# broken cable repair on pop up



## amcdeac

Just when I thought I was getting the hang of things, I committed the ultimate rookie mistake -- was trying to make an adjustment after lowering the top. Needed to raise it up just a bit. However, I had latched one of the roof corners. I am now the none-too-proud owner of a camper with a broken roof cable. :no: :bang::smack-head::shrug:I suppose this is a good learning opportunity but one I wasn't looking forward to having. 

How hard is it to repair a broken cable? Does anyone know where I can find instructions for a Fleetwood? The cable broke inside the gear box of the crank, so I will need to open that up and make some fixes. Is this something that is possible to repair at home?

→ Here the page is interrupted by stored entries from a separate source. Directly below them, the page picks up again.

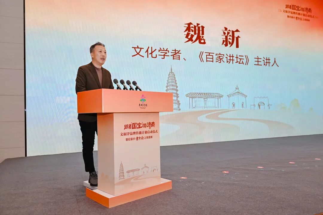 央视《百家讲坛》最年轻的主讲人之一,拥有百万粉丝的文化学者魏新,作为“国宝讲述人”代表发言。他分享了自己与济南历史文化之间的特殊情感,他说,“济南的国宝,与泉水结合得特别完美。跟着国宝游济南,让济南的文旅,拓宽了广度,提高了热度,也给更多人带来了历史的温度。”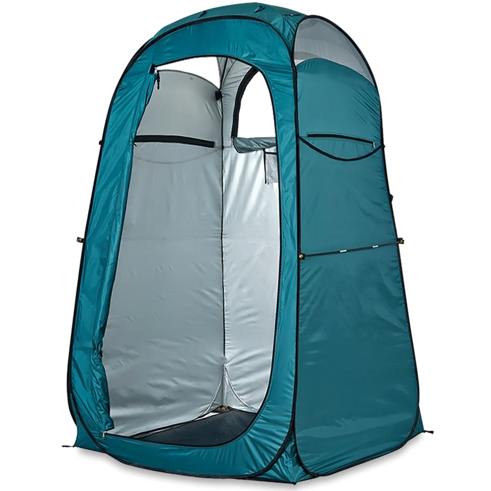 The removable Polyethylene floor with mesh drainage panels allows water to escape, and the inner walls are silver coated for extra privacy.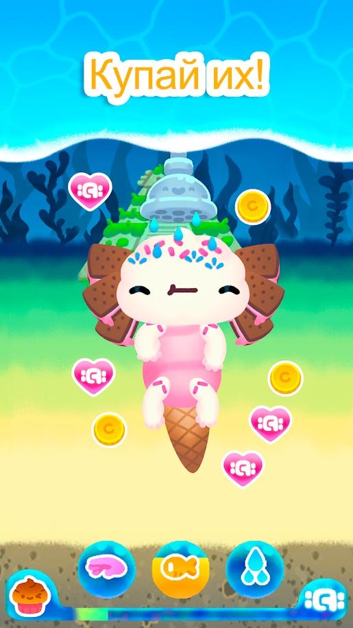 Огромное количество самых разнообразных настроек станет доступно для изменения внешнего вида персонажа. Сделайте его самой уникальной личностью и следите за взрослением. Путешествуйте по водному пространству и покупайте ему игрушки или дополнительные предметы. Собирайте для этого монетки в Axolochi Аксолочи и наслаждайтесь качеством графического движка. Вскоре у вас может появиться целая семья из таких героев. Все это просто замечательно и будет очень весело участвовать в таком тамагоче.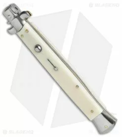 This 13″ Italian Stiletto from AB Italy offers classic stiletto style with a simulated ivory handle and a satin finished, flat ground blade. Brass pins and liners against nickel silver bolsters add a classic finishing touch to the piece. The bayonet blade has a plain edge and a satin finish. Experience the affordable Italian quality of these authentic stilettos from SKM/AB Italy.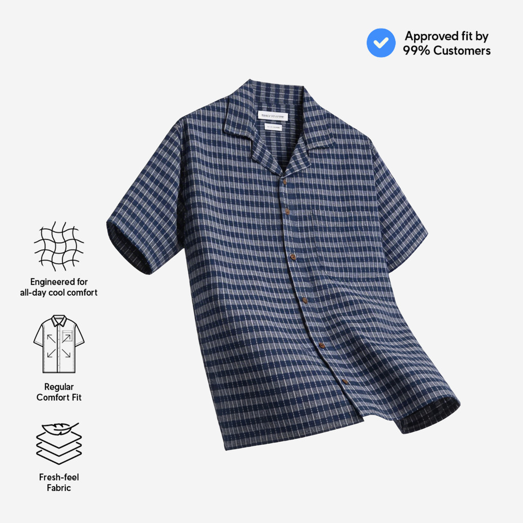 TENUE Kemeja Camp Collar Kotak Kotak Lengan Pendek Midnight Navy - By The Hours
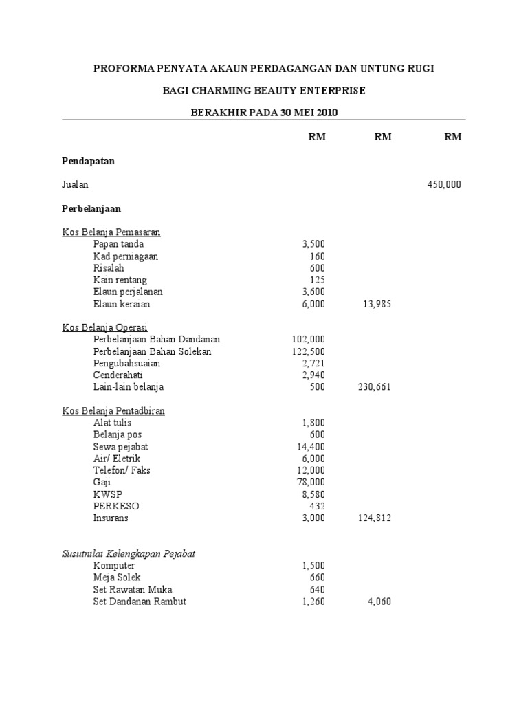 Proforma Penyata Akaun Perdagangan Dan Untung Rugi Pdf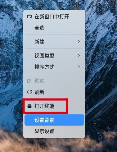 启动终端(桌面右键-打开终端)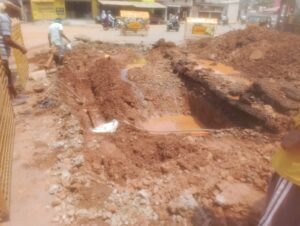 बताया गया है कि आयुक्त कार्यालय के बाजू गली आईडीबीआई बैंक के सामने सड़क का निर्माण एक ठेकेदार के माध्यम से कराया जा रहा है। ठेकेदार ने नगर निगम से पाईप लाइनों की जानकारी प्राप्त किए बगैर ऎसी खोदाई शुरू करवा दी कि पेयजल की पाईप लाइन ही बुरी तरह क्षतिग्रस्त हो गई। इसके चलते नया मुंडा क्षेत्र के बड़े भाग में पेयजल की सप्लाई पूरी तरह ठप हो गई है। नगर निगम का जल कार्य विभाग पाईप लाइन की मरम्मत में जुटा हुआ है और आज रात्रि तक काम पूरा हो जाने की उम्मीद है। वैसे भी ग्रीष्म ऋतु आने के साथ ही नगर के कई वार्डों पानी की परेशानी हो रही है। ऊपर से कल ही कमिश्नर कार्यालय के समीप एक बड़ी पाइप टूटने से वार्डवासियों को पानी की किल्लत हो गई है। वहीं नगर निगम के जल विभाग सभापति सुरेश गुप्ता के अनुसार पाईप लाइन की मरम्मत कार्य शुरू है आज शाम तक बनने की संभावना है।

A close friend with very high mechanical abilities (a commercial and residential building contractor, but obviously not an RV mechanic) would handle the fix, while I mostly stayed out of the way.


----------



## dogbone

Don't feel to bad. I did the same thing to my coachman, when it was new. They fixed it under warranty.
I don't think it would be to hard as long as you can get to and see how the cable was run. I know they go around pulleys. Just make sure you remember how they ran and replace the cable.
good luck.


----------



## antigua

Go to this page below. I hope this helps you out. Scroll down to the bottom of the page you'll see a PDF file "Coleman Lift Systems Repair Manual - 1968 - 2000 Various Models" I know yours is an 07 but this still may apply to yours lift system too. Or at least get you started in the right direction. Good Luck!!

Manuals - Coleman Camping Trailers


----------



## amcdeac

Thanks for the replies. I suppose I can get this done with help from my friend, but I might chalk this one up to STUPID and contact Complete RV is Denver North Carolina's Premier Independent RV Repair, RV Service, and Custom RV Upgrade Solution. I don't think I would find satisfaction in this repair so I might need to leave it to the pros.

My local Fleetwood dealer can't get me in for 3 weeks and forecasts a price that is double the rough quotes from two other shops.


----------